Yesterday we covered some items that offer hope for world peace and increased ethical awareness. But anyone can see that there still are plenty of problems to be solved.
A good starting point is to define those problems in a way that everyone can understand. Each year, the UN University's Millennium Project names "15 Global Challenges." Working from this list, the Foresight Nanotech Institute has chosen six "Nanotechnology Challenges."
That's an admirable approach, especially since today's existing nanoscale technologies can be applied immediately to begin making beneficial changes.
Unfortunately some problems seem almost too big to handle...
Soaring carbon dioxide levels have begun to make the oceans more acidic, Britain's most senior scientists warn. Exhausts from fossil fuels have already increased the acidity to a level that cannot be reversed in a human lifetime. Only swift and drastic cuts in emissions could begin to stabilise the oceans by 2100.

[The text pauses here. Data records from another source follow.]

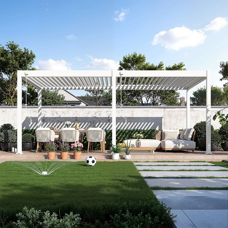 De overkapping is gemaakt van hoogwaardige en duurzame materialen. Het frame is vervaardigd uit aluminium, wat bekendstaat om zijn lichte gewicht, roestbestendigheid en hoge weerstand tegen weersinvloeden en UV-straling. De metalen lamellen zijn kantelbaar tot 135 graden, zodat je zelf bepaalt hoeveel zonlicht of schaduw je wilt. De stevige poten van 116 x 116 mm geven de constructie een robuuste uitstraling en zorgen voor extra stabiliteit. Alle schroeven zijn gemaakt van roestvrij staal (RVS) voor een lange levensduur.
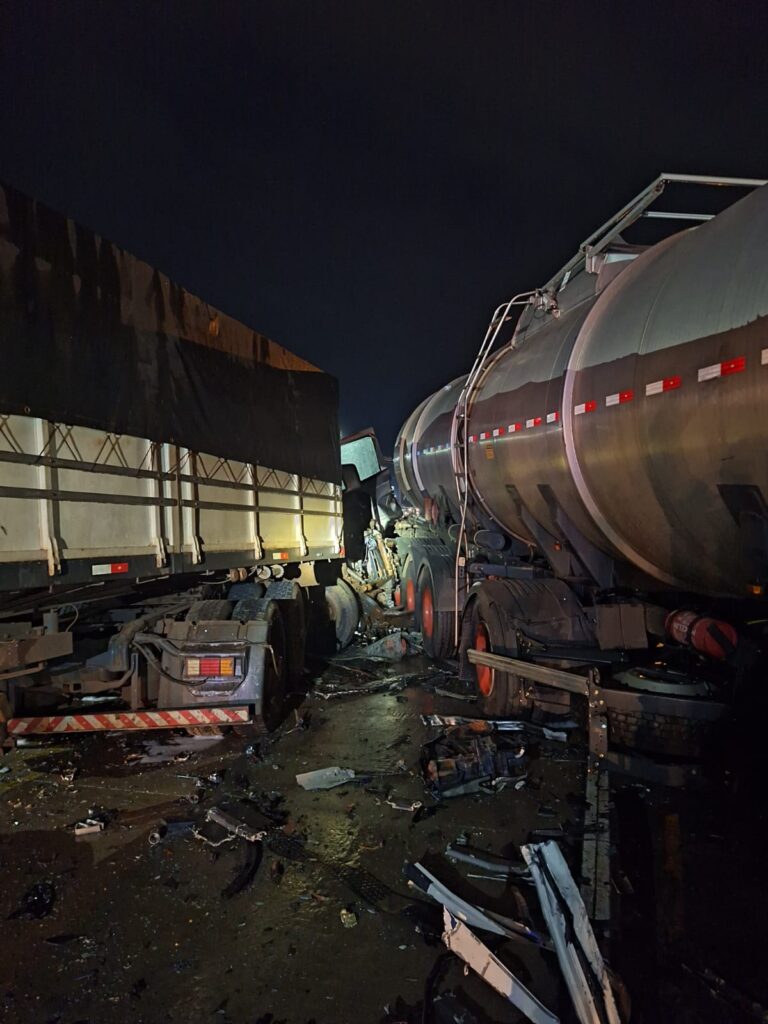 Já o motorista da carreta graneleira foi encontrado caído do lado de fora do veículo, consciente, porém desorientado. Ele foi resgatado às pressas com traumatismo cranioencefálico, sangramento no ouvido e escoriações na face e, a uma distância segura, foi imobilizado e conduzido ao hospital para atendimento médico.
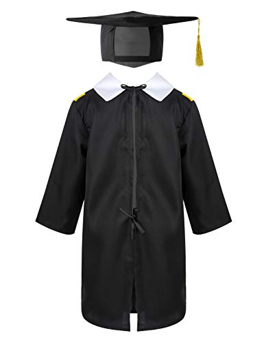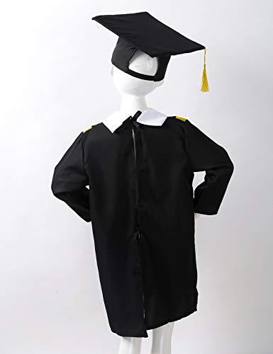 Mufeng Abito da Laureato Set Toga Laurea e Tocco Cappello Laurea Costume da Laureato per Bambini Studenti Elementare Medi Linea Costume Travestimento 4-12 Anni Giallo 4-5 Anni
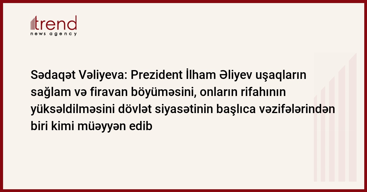 Sədaqət Vəliyeva bildirib ki, ölkəmizdə uşaqlar daim diqqət mərkəzində olublar: “Ulu öndər Heydər Əliyev uşaqlara dövlət səviyyəsində qayğını həmişə diqqətdə saxlayırdı. Prezident İlham Əliyev də uşaqların sağlam və firavan böyüməsini, onların rifahının yüksəldilməsini dövlət siyasətinin başlıca vəzifələrindən biri kimi müəyyən edib. Eləcə də I Vitse-prezident Mehriban xanım Əliyevanın da bu sahədəki fəaliyyəti xüsusi qeyd olunmalıdır”.
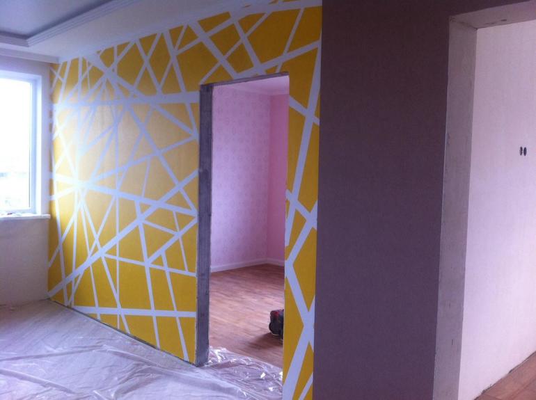 , но ниши под телевизор не будет. Вот теперь задумалась, что телевизор тоже черный и будет очень угрюмо.Надо бы стенку как-то смягчить. Может покрасить на темный графит светло серые полоски , как на этом фото только немного меньше самих полосок.( фото с ББ). Видела в какой то передаче по ТВ. Очень красиво.Что скажите? Может кто еще какие фоточки емеет. Буду благодарна.
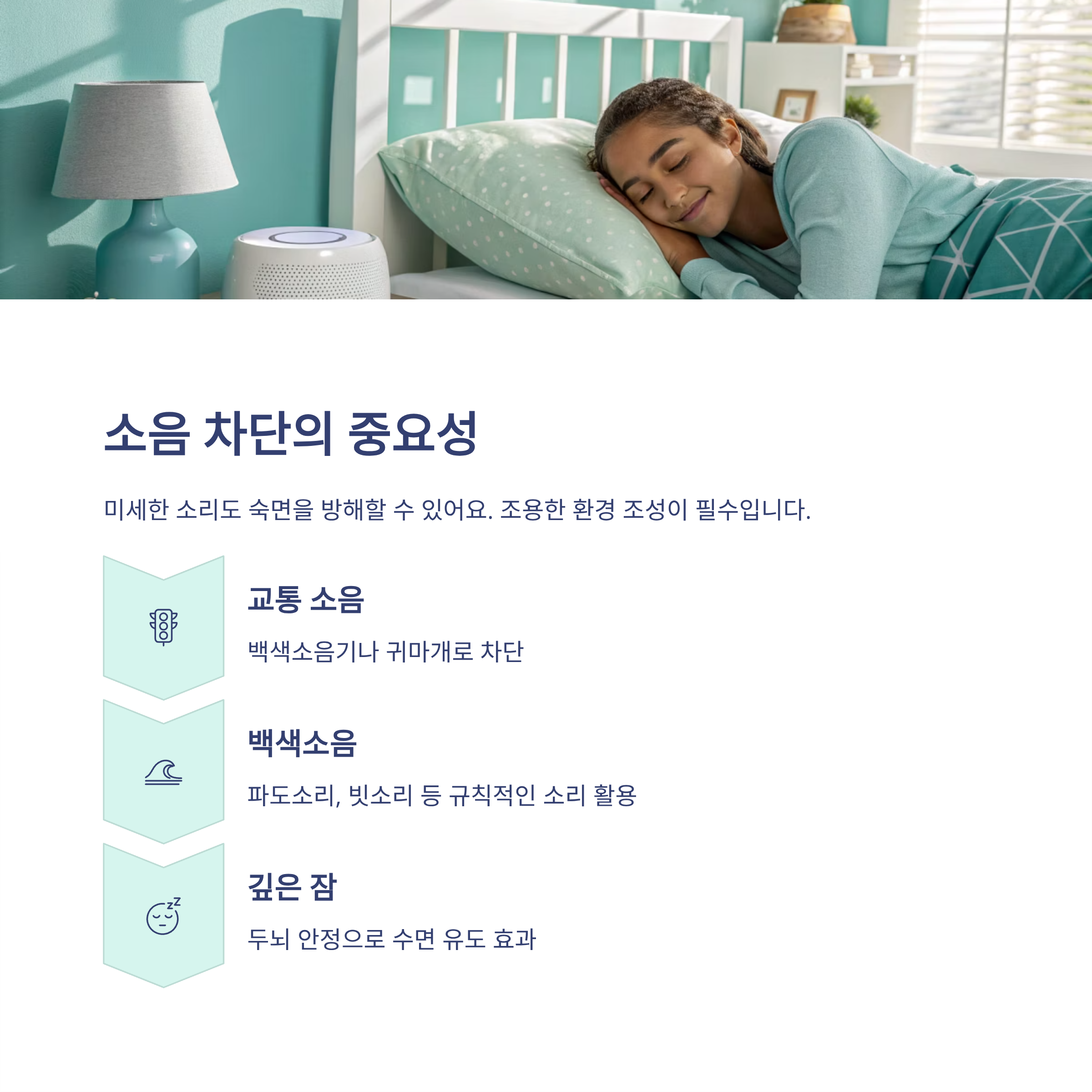특히 규칙적인 소리(예: 파도소리, 빗소리 등)는 두뇌를 안정시켜 수면 유도에 도움이 될 수 있습니다.
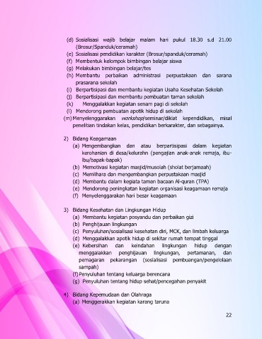 (d) Sosialisasi wajib belajar malam hari pukul 18.30 s.d 21.00
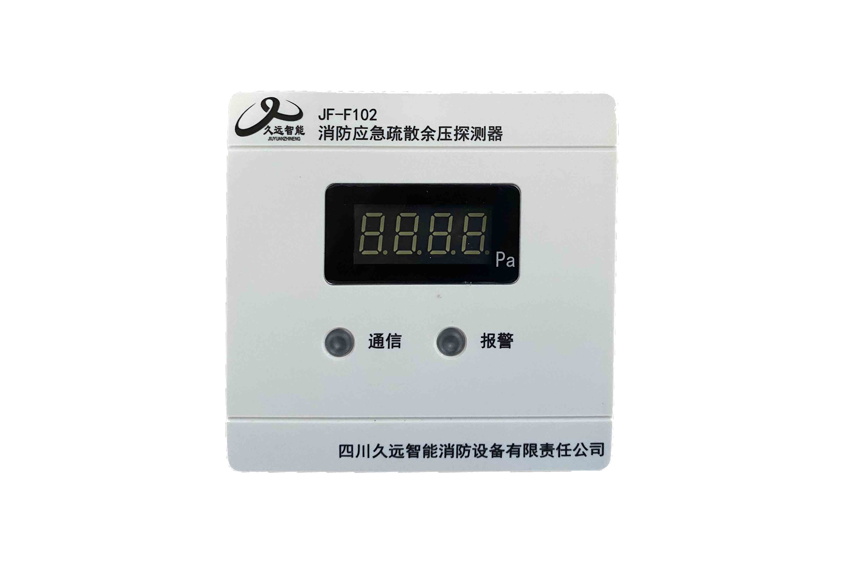 JF-F101/F102 型消防應(yīng)急疏散余壓探測器采用數(shù)字傳感技術(shù),外觀小巧,靈敏度高, 通過微壓差傳感器實時監(jiān)測防煙樓梯或前室與消防通道之間的余壓值,當(dāng)上述區(qū)域的余壓 值超出設(shè)定值時,在進(jìn)行光報警的同時(JF-F102 型消防應(yīng)急疏散余壓探測器具有顯示余壓 值的功能),通過無極性二總線將報警信號傳送到消防應(yīng)急疏散余壓控制器,消防應(yīng)急疏 散余壓控制器顯示超標(biāo)壓差值,并根據(jù)超壓值的不同進(jìn)行邏輯計算并聯(lián)動控制所連接的消 防應(yīng)急疏散電動泄壓風(fēng)閥執(zhí)行器進(jìn)行動作,開啟適當(dāng)?shù)慕嵌?,調(diào)整報警區(qū)域的正壓送風(fēng)量, 保證余壓值回歸到正常范圍內(nèi)。消防應(yīng)急疏散余壓探測器宜安裝在前室與消防通道間的墻 壁上(高壓側(cè)),距頂棚 0.5 米處。JF-F101/JF-F102 消防應(yīng)急疏散余壓探測器可以通過編碼 器對其進(jìn)行地址設(shè)置,地址范圍 1~63。
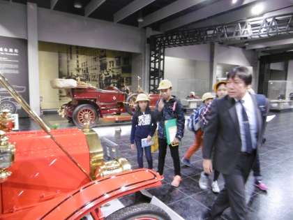 校外学習でトヨタ博物館に行ってきました。昔の車のしくみに興味津々でした。
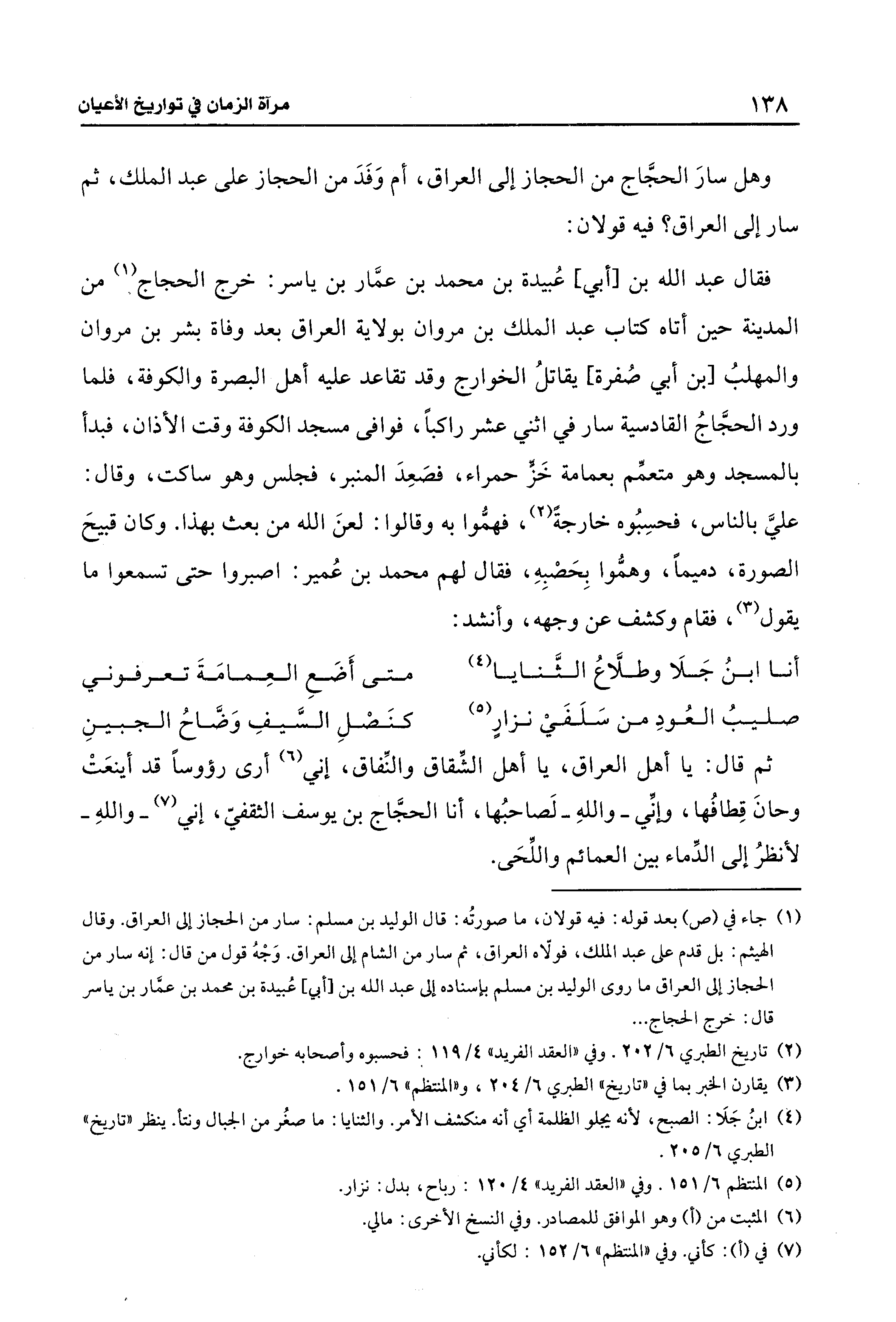 (¬1) جاء في (ص) بعد قوله: فيه قولان، ما صورتُه: قال الوليد بن مسلم: سار من الحجاز إلى العراق. وقال الهيثم: بل قدم على عبد الملك، فولّاه العراق، ثم سار من الشام إلى العراق. وَجْهُ قول من قال: إنه سار من الحجاز إلى العراق ما روى الوليد بن مسلم بإسناده إلى عبد الله بن [أبي] عُبيدة بن محمد بن عمار بن ياسر قال: خرج الحجاج ...

That's from a story in the Guardian about oceanic acidification...
Oceans soak up much of the carbon dioxide produced by living organisms, either as dissolved gas, or in the skeletons of tiny marine creatures that fall to the bottom to become chalk or limestone. But in water, carbon dioxide becomes a weak carbonic acid, and the increase in the greenhouse gas since the industrial revolution has already altered the average pH -- the laboratory measure of acidity -- significantly and will go on doing so for at least 100 years.
Global-scale problems like this can be intimidating, leading one to wonder if there is any cause for optimism about the future, especially when the problems of today seem to be getting rapidly worse and not better. Can technology help us?
The scientists warn that there is no hope of a technological fix. To neutralise the rising acidity, engineers would have to quarry a lump of chalk or limestone 100 metres deep and 40 miles square in area, every year, and sprinkle it across the oceans: in effect they would have to return the white cliffs of Dover to the seas.
A solution on that scale sounds impossible, even absurd -- until you consider the power for change that molecular manufacturing will bring. This advanced form of nanotechnology can go considerably further in tackling the largest problems faced by the human race.
Of course, such enormous power for change does not come without risks. Whether the development of nanotech turns out to be a triumph or a tragedy will depend on how we choose to manage it: wisely, poorly, or not at all.
Mike Treder
If you combine the postings on Ocean Acidification, Global Warming, and Peak Oil you realize that we only have two possible sources of energy for the future; Solar and Nuclear. Using oil, coal, methane hydrates, or tar sands would make carbon dioxide problem worse. Ideally this should simplify the policy options. We need a global agreement to phase out the use of fossil fuels. I think the most efficient way to do that is gradually but continuously increase the cost of the non-carbon neutral sources of energy. A 1% per month increase in the cost of fossil fuels should give the marketplace enough certainty and incentive to make the investments necessary to replace fossil fuels, in a fairly rapid time frame of ~20 years.
*note* I consider wind, hydro-electric, wood, bio-gas and bio diesel to be forms of solar energy not just photovoltaic and solar thermal.